Skillet Green Beans with Almonds
serves 6 (easily double or triple recipe)
gluten & dairy free option
• 1 lb GREEN BEANS, fresh or frozen (thawed), cut or whole
• 1 tbsp OLIVE OIL, EXTRA VIRGIN
• 3 cloves GARLIC, minced (or 3/4 tsp garlic powder)
• SEA SALT AND PEPPER TO TASTE
• 1/4 cup ALMONDS, sliced or slivered (toasting optional)

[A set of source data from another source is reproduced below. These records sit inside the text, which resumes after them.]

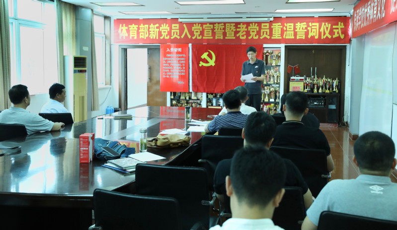 为迎接中国共产党建党100周年,进一步增强党员意识和党性修养,6月30日下午体育部在屯溪路二楼会议室举行了新党员入党宣誓暨老党员重温入党誓词仪式。体育部党总支书记祖权领誓并讲话,体育部主任柴业宏主持仪式,体育部全体党员参加了活动。
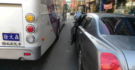 千萬賓利車亂停+亂開門…公車狠狠刷過GG了!刮完畫面網爽喊「超紓壓」!(影片)
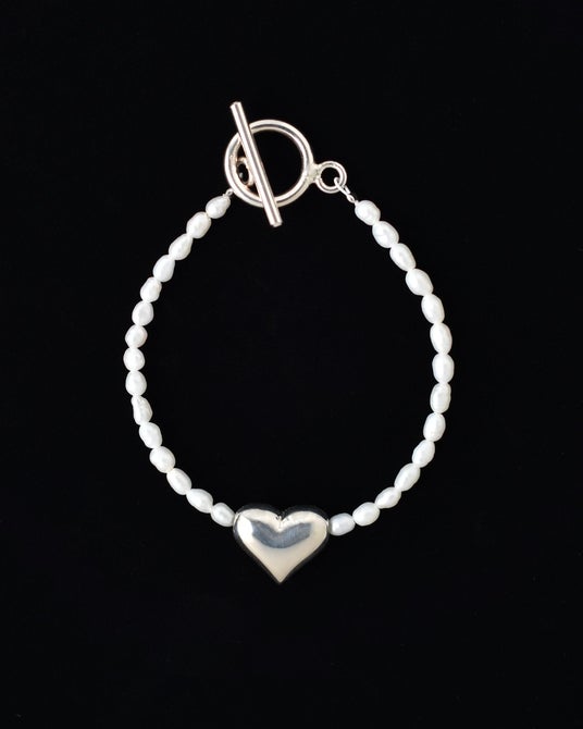 柔らかな光を宿した淡水パールと大胆なシルバーのハートモチーフを繋いだネックレス。
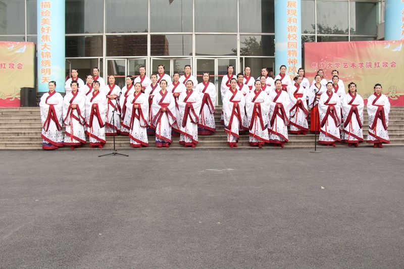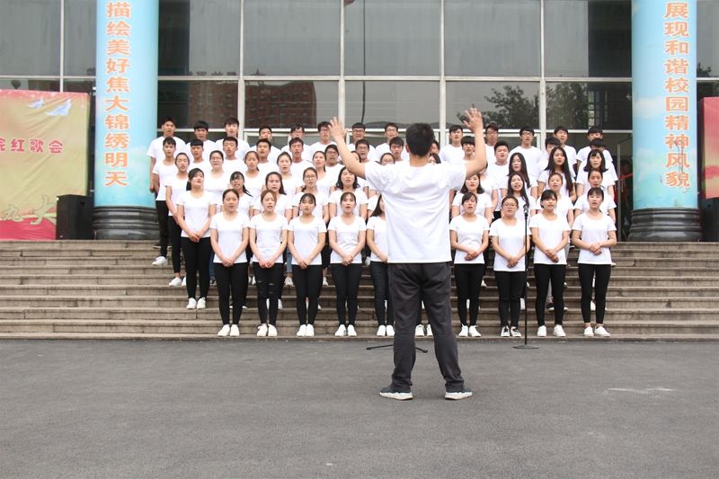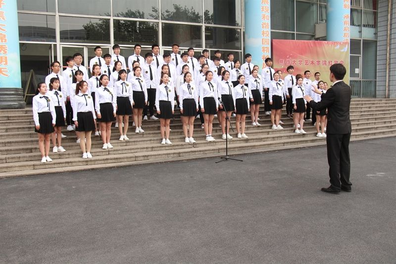 由艺术学院15、16级全体学生参加的红歌合唱比赛在主持人的宣布下正式开始,12个方队依次进行演唱,激情的红歌回荡在整个校园,与飘飘的五星红旗相呼应。12个方队演唱完,我院有幸邀请到焦作美之声合唱团做为我们此次活动的特别嘉宾,为我们全院师生演唱《关雎》,高雅文化引进校园,不仅让我们的同学们开阔眼界,更提高了我们同学们文化修养。
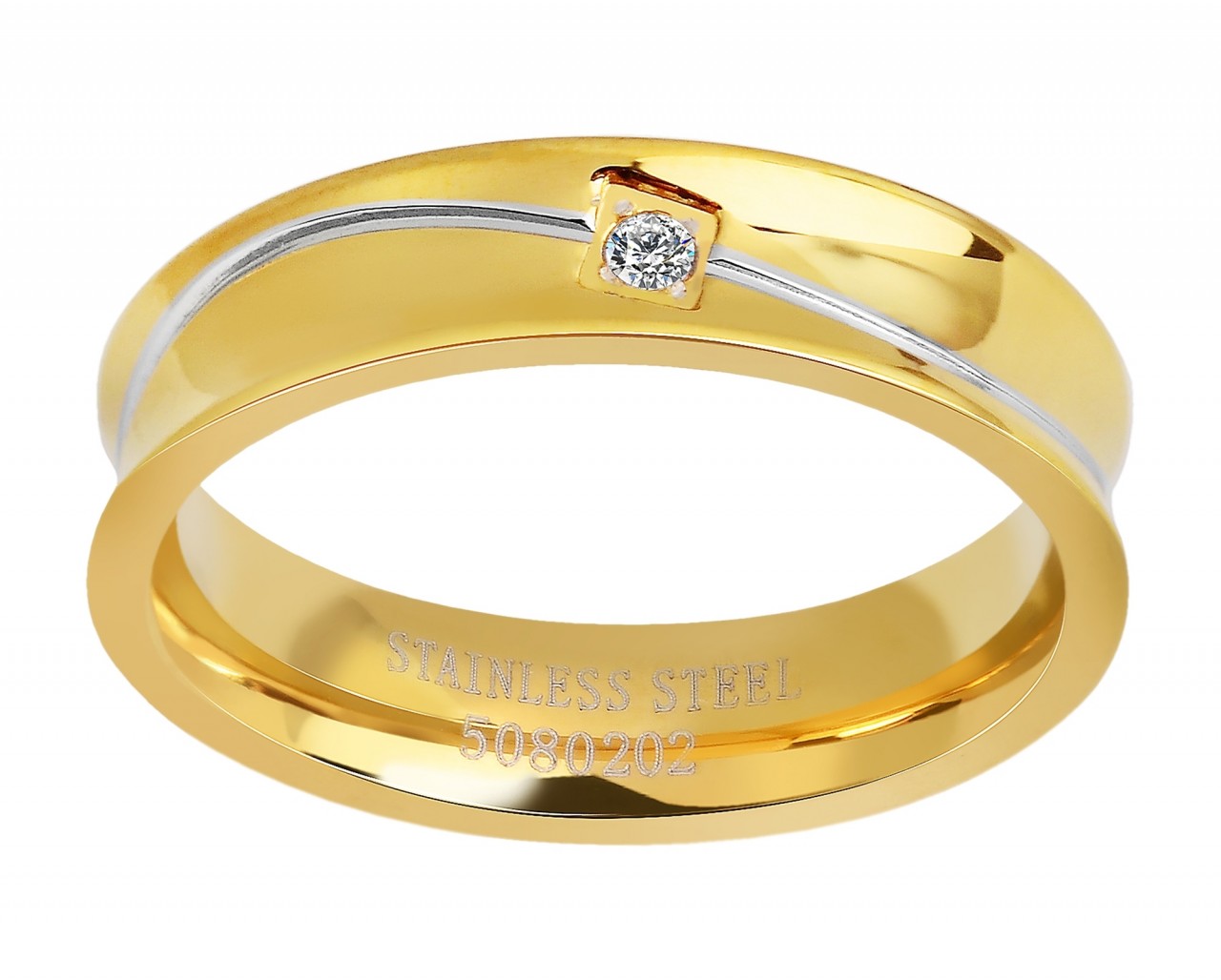 O anel de aço inoxidável da marca Praktik é um anel de parceiro feminino que está disponível nos tamanhos 52-62. Tem largura de 5 mm e espessura de material de 2 mm. Toda a superfície do anel é altamente polida e tem uma aparência particularmente elegante. O anel curvado para dentro é dourado e tem uma fresagem curva prateada. Além disso, pode ser gravado por dentro e por fora, tornando esta joia um acessório muito pessoal.
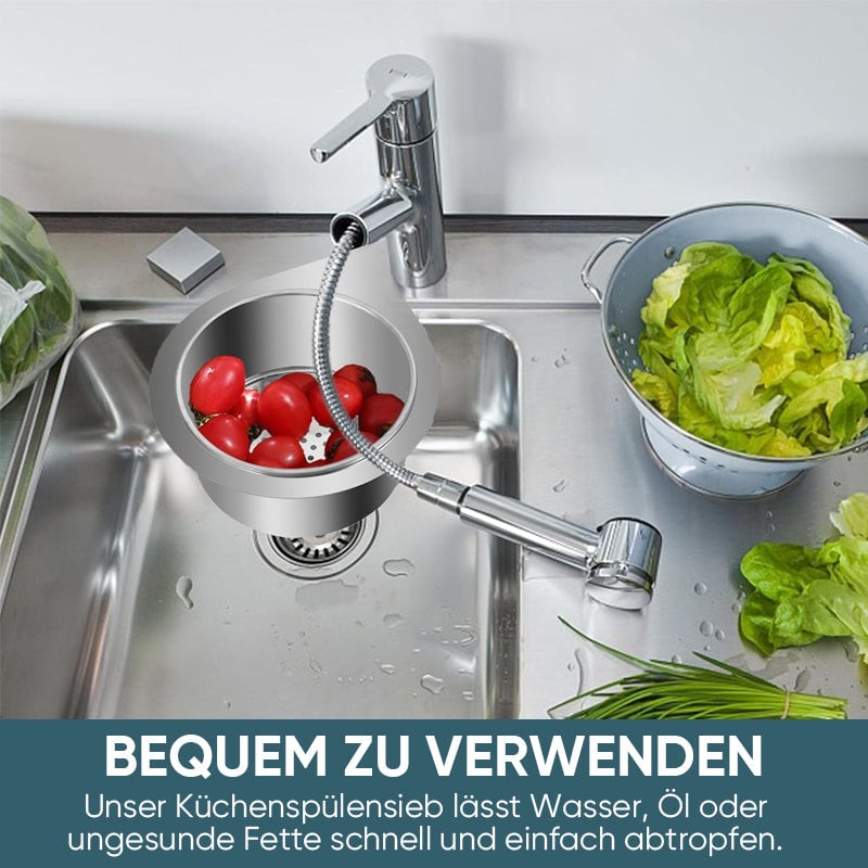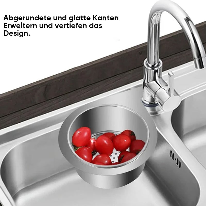 - De verbeterde filterzeef voor de gootsteen heeft een vergrote opening om op te hangen. Het ingenieuze ontwerp van de afvoerkorf voor de zwanenaanrecht bespaart ruimte en de hoogwaardige materialen zorgen voor een gezond en veilig gebruik. Een voedselzeef voor de gootsteen kan in de hoek van de gootsteen worden geplaatst om etensresten uit te filteren.
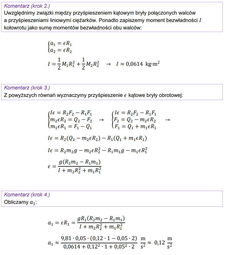 W tym zadaniu jest jeszcze jedno utrudnienie, które trzeba wziąć pod uwagę (przepraszam, że w poprzedniej wiadomości o tym nie wspomniałem, bo mogłem pewnie od razu to napisać), mianowicie z uwagi na fakt, że ciężarki m1 i m2 są nawinięte na różne walce, to ich przyspieszenia mogą być (i będą) różne, więc w pierwszym równaniu będzie a1, a w drugim równaniu a2. Natomiast przyspieszenia kątowe obu walców będą już takie same, czyli epsilon. I tak a1 = epsilon*R1, a a2 = epsilon*R2. Łatwiej będzie więc najpierw wyliczyć epsilon, a potem po prostu a1 - poniżej zamieszczam pełne rozwiązanie podane przez CKE, które dość jasno opisuje ten proces (to zadanie jest dość trudne):
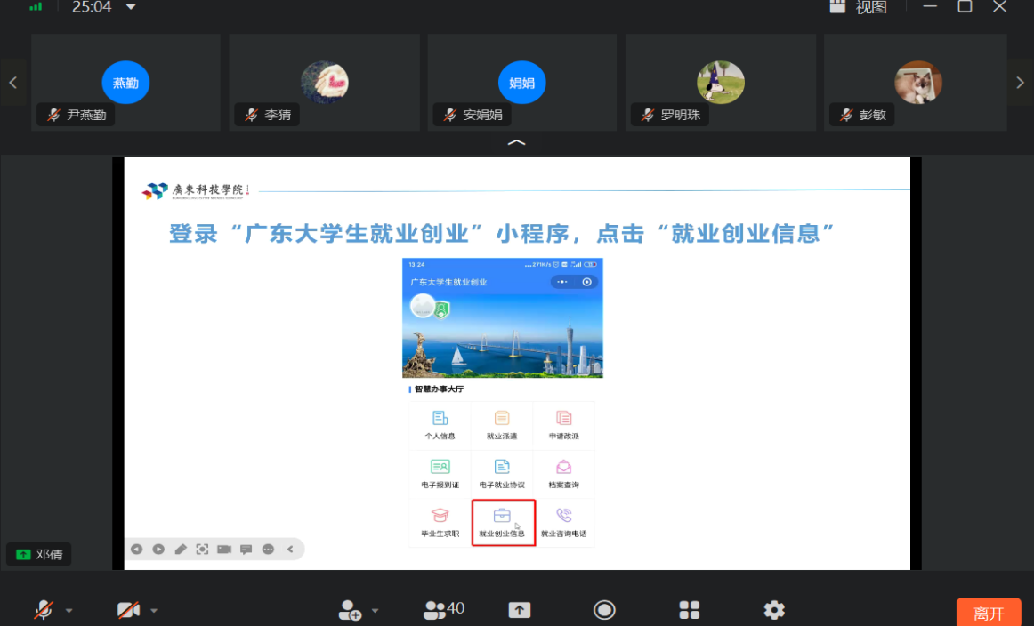 邓倩老师详细介绍了毕业生就业创业信息系统,强调毕业实习的指导老师需要做好督促应届毕业生按时完成就业创业信息的填报工作。邓倩老师演示了就业创业信息系统使用过程,展示了就业创业信息系统学生上报信息的流程及上报材料要求,说明了学校审核就业创业上报的流程,并针对常见的就业创业信息系统使用问题进行答疑解惑。

• 2 tbsp PARMESAN CHEESE, FRESH SHREDDED*
*Omit cheese for dairy free dish.
1. Trim ends if using fresh green beans (or thaw and dry if frozen).
2. Heat a large skillet over medium heat, add oil and green beans. Sauté for 8-10 minutes, or until crisp-tender and starting to brown (fresh beans may need to cook slightly longer). Add garlic, salt and pepper, cook 1-2 minutes longer.
3. Place on a platter and top with sliced almonds and fresh Parmesan if desired. Serve immediately. Serving size, about 1/2 cup.
VARIATIONS: Top with cooked and crumbled lean turkey bacon or add roasted baby potatoes.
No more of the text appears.